## [RECORDS SHOWN]
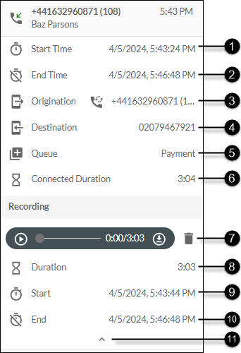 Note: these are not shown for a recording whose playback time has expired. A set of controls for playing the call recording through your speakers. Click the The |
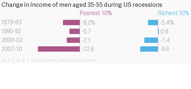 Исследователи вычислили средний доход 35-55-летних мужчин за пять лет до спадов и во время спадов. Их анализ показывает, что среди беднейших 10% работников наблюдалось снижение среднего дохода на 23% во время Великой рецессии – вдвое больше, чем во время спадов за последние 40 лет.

==

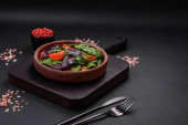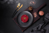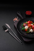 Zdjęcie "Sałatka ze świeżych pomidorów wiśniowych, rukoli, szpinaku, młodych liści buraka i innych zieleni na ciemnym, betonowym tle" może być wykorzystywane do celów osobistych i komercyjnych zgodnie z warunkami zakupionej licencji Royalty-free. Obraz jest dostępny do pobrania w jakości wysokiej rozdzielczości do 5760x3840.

## [EXERCISE AIM]
Above are records; write out the lines from the one with "Note: these are" down to the one with "Исследователи вычислили средний", exactly, leaving the pictures out.

## [EXPECTED OUTPUT]
 Note: these are not shown for a recording whose playback time has expired. A set of controls for playing the call recording through your speakers. Click the The |
 Исследователи вычислили средний доход 35-55-летних мужчин за пять лет до спадов и во время спадов. Их анализ показывает, что среди беднейших 10% работников наблюдалось снижение среднего дохода на 23% во время Великой рецессии – вдвое больше, чем во время спадов за последние 40 лет.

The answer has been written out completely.